Lighting. When you get more into lights you'll be overrun with all kinds of gear and it's hard to tell which is reputable and which isn't and most of all, why? So let's start with classic gear (i.e.-Tungsten type lighting) and then we'll get to the modern (i.e.-LED's).
Yes, you can just use a shop light (you may already be doing this). Years ago it used to matter a whole lot more what lights you got because you were going to shoot on film and there wasn't any auto color correction and all that. The stock of the film would determine what color temperature you'd have to work with and having the wrong lights could jack that all up. You don't live or work in that world today (others do but it's not important to you) so you don't have to worry about that. But generally you'll want lights that are balanced to tungsten or daylight; some do both.
So let's get real, those aren't good enough reasons for me to bother to try to buy a Mole Richardson light vs. something off the shelf at Home Depot or whatever. Okay, so let's talk about what your lights should not be involved in..... creating sound. Many of the cheap lights out there have built in fans and those stupid fans can be heard in the background of your audio recordings. This is simply not acceptable. So check on the noise that a light makes before picking it up.

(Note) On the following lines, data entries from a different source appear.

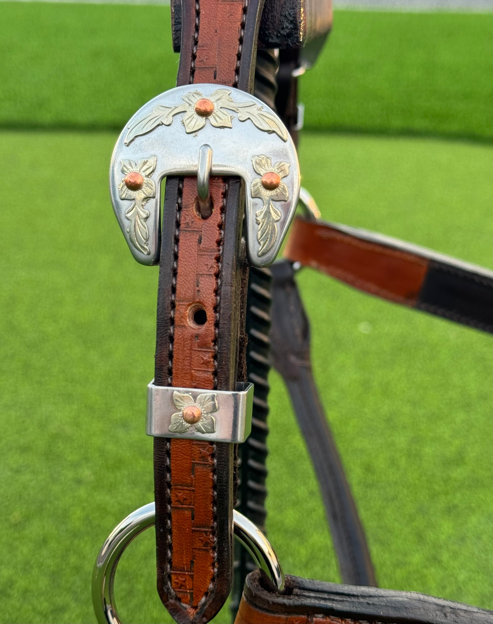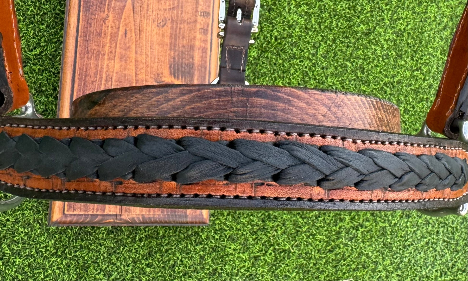 Antique saddle tan and chocolate leather halter with black kangaroo lacing. Make a statement with this ranch halter. Made with the finest materials. Horse size.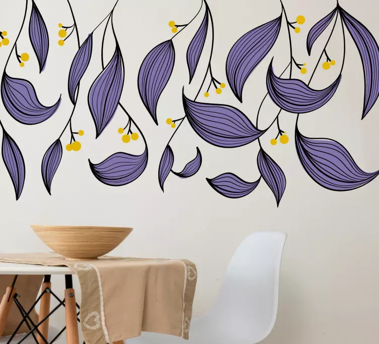Referência: A48215Folhas roxas elegantes adornadas com acentos amarelos criam um arranjo sofisticado. A intrincada interligação das folhas transmite uma vibração fresca e viva, tornando-se uma escolha perfeita para embelezar os espaços de convivência. Este design adiciona um toque de natureza sem sobrecarregar o ambiente.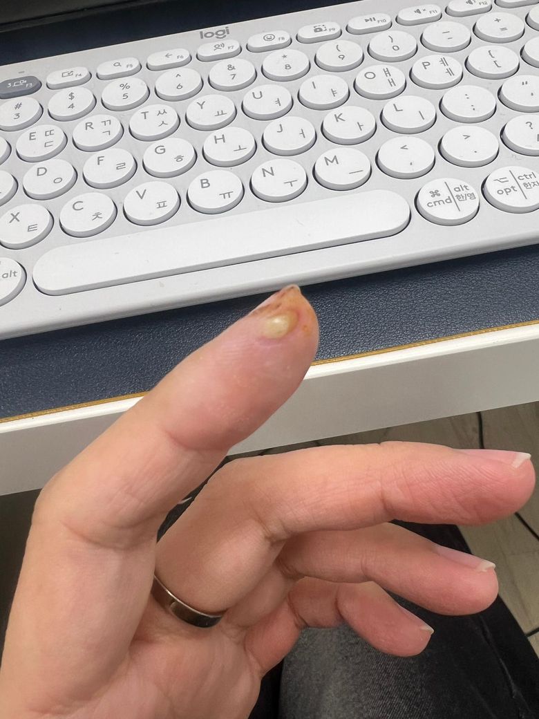 손가락이 빨갛거나 아프진 않습니다(베인 부분을 부딪히면 아픈 정도)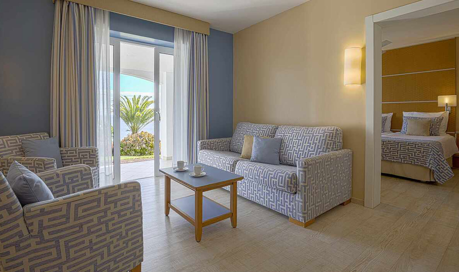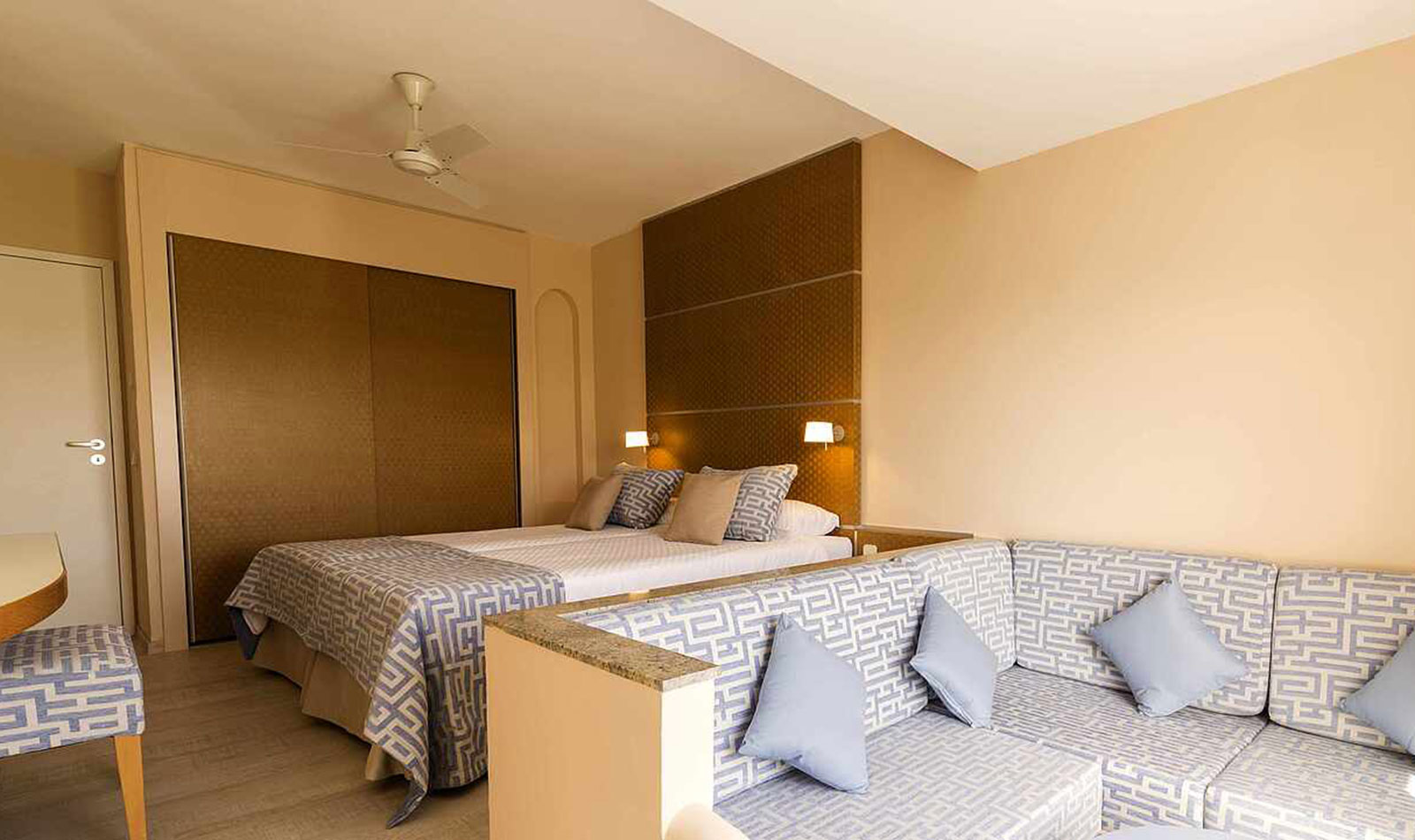 Details anzeigenNichtraucherzimmer, ca. 34 m², Meerblick Gesamtanzahl der Räume in diesem Zimmertyp: 2, Aufteilung wie folgt: kombiniertes Wohn-/Schlafzimmer, 1 Schlafzimmer 2 Doppelbetten (180x200cm), 1 Schlafsofa (80x200cm), Babybett: ohne Gebühr Mindest-/Maximalbelegung: mind. 2 Erwachsene und 1 Kind ab 2 Jahren / max. 4 Erwachsene, 1 Kind 2-17 Jahre und 1 Kleinkind unter 2 Jahren Die Unterbringung der 5. Person erfolgt auf dem Schlafsofa

A caveat to this is that I've used some pretty inexpensive on camera LED lights and they worked great. Just look through the comments and reviews of a given light like that. If it's working for other people it'll probably work great for you. The flickering is going to be more prominent with lights that are dimmable and that allow you to change colors because dimming requires the light to pulse tons of times (imperceptible to the human eye). By varying the timing of the pulsing a dimming effect is produced. This is the WRONG way to dim an LED. The flicker free approach requires actually varying the analogue voltage to the LED's. The challenge with that (for vendors) is that does not dim linearly. So the flicker free lights end up having a bit of tech involved to get it right. Dimming and color mixing is kind of the same challenge. So all that to say, look for flicker free.